Cast Iron Mac & Cheese

This is a simple and delicious one-pot main OR side dish* that should please all the cheese-lovers in your life!

  • 8 oz large elbow macaroni  noodles
  • 2 cups shredded sharp Cheddar cheese, divided
  • 1 cup creamier shredded cheese (Monterey Jack, provolone, mozzarella, gouda)
  • 1/4 cup shredded Parmesan cheese
  • 1/2 stick butter
  • 1 medium (12 oz or so) can evaporated milk
  • 1 egg
  • 1 tbsp yellow mustard
  • Salt and white pepper to taste

Preheat oven to 350 degrees. Fill 9 or 10 inch oven-safe skillet with 1 inch salted water and bring to boil; add noodles and cook to al dente. Drain and return to skillet with the eye turned off. Add butter, stirring to melt; then add cheeses (saving back 1 cup of the Cheddar) and stir well until mostly melted and incorporated. Stir in milk, egg, mustard, and white pepper. Top with remaining Cheddar and bake in oven for 20 minutes or until top is golden and bubbly.

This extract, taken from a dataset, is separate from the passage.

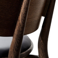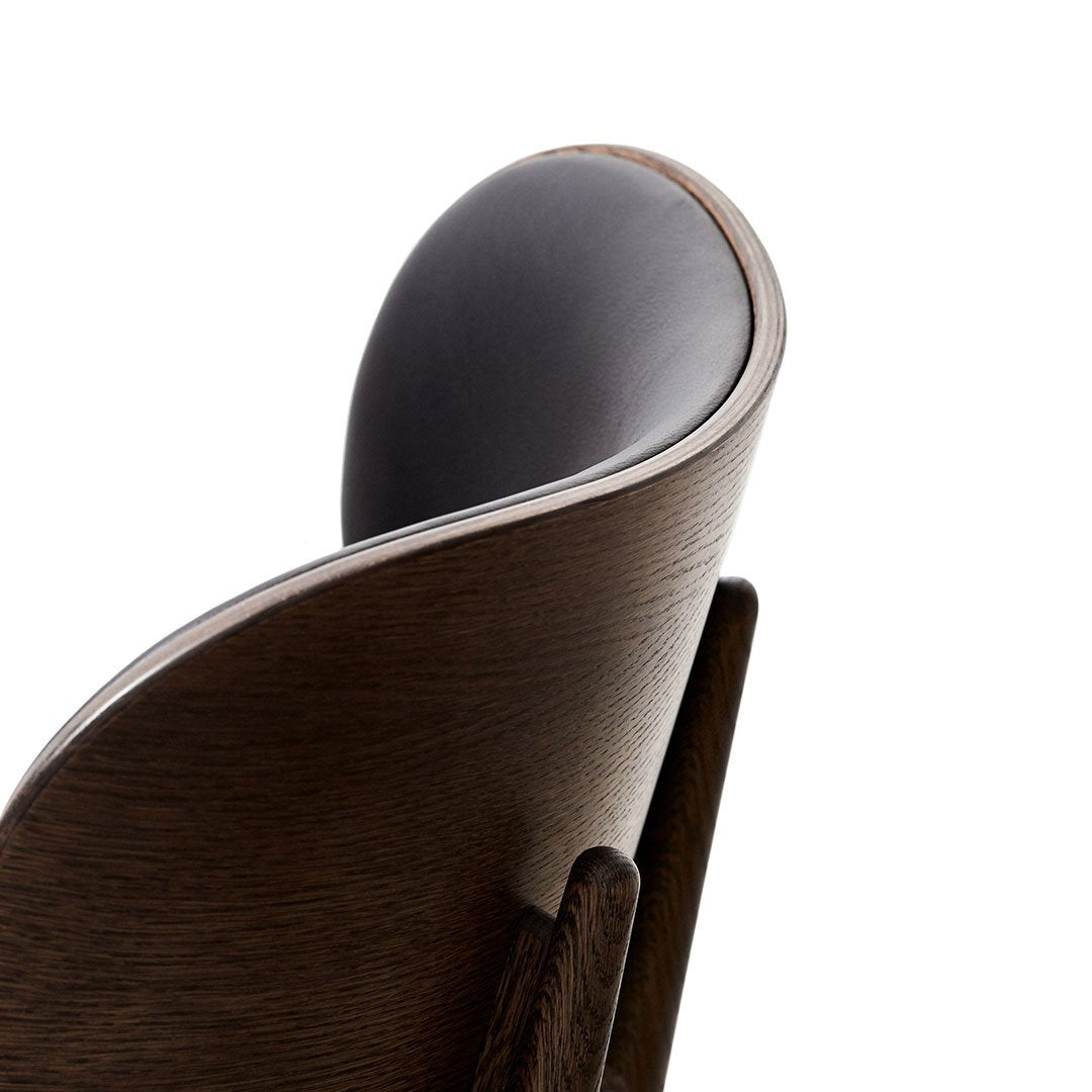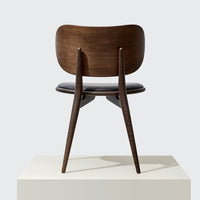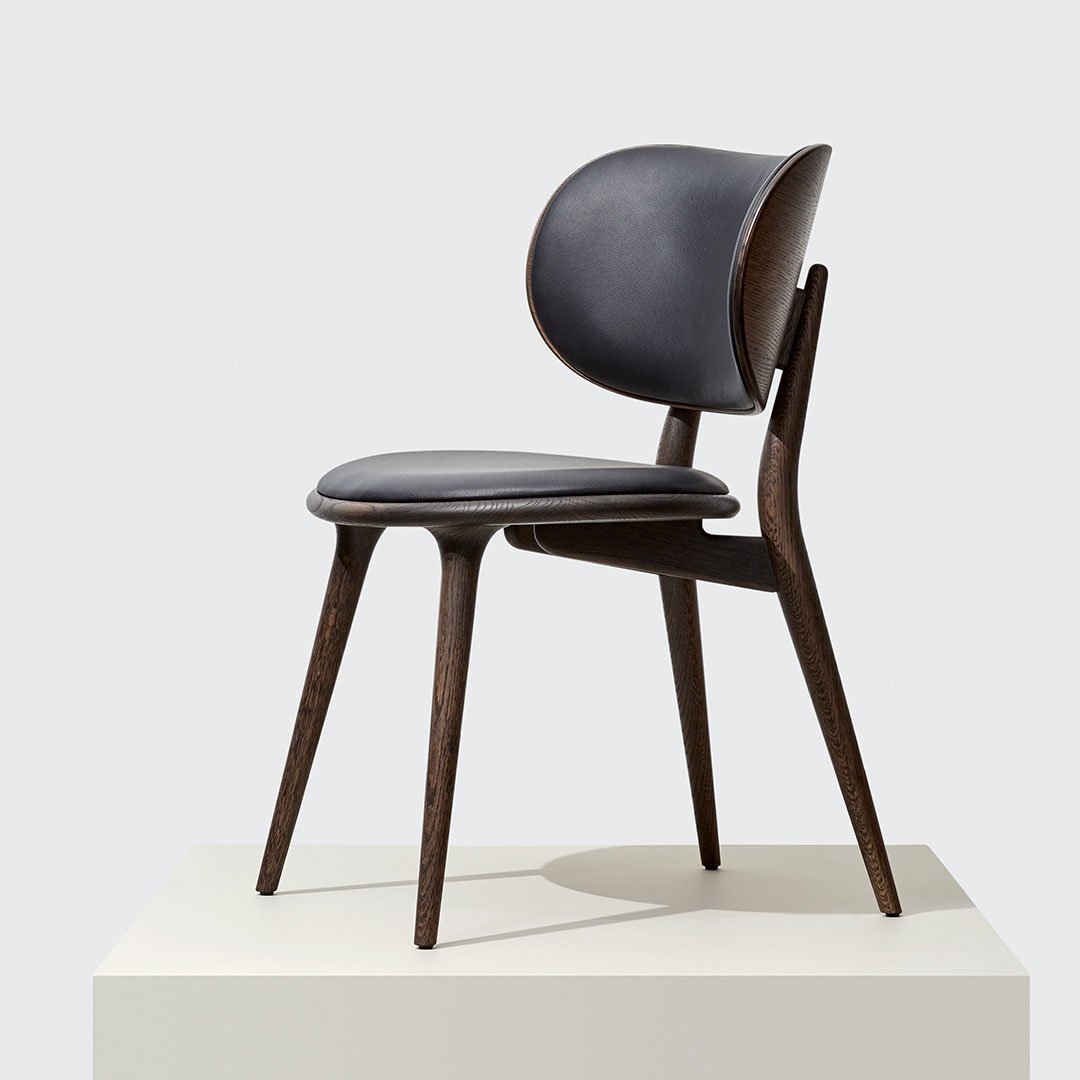 The Dining Chair designed by Space Copenhagen. The Dining Chair builds on High Stool’s beautifully fluid, sculptural and archetypal character, adding a generously rounded backrest for a heightened sense of comfort. The backrest itself is upholstered in soft durable leather and is fully supportive and comfortable so that it outweighs the need for armrests.

Do not overbake.

To make a larger batch, use large pot or dutch oven; transfer to baking dish if needed for baking.


*(Here in the South, macaroni and cheese is generally considered a side dish. However, in other parts of the country, I’ve discovered it’s usually served as a main dish. I know I could eat it in either capacity!)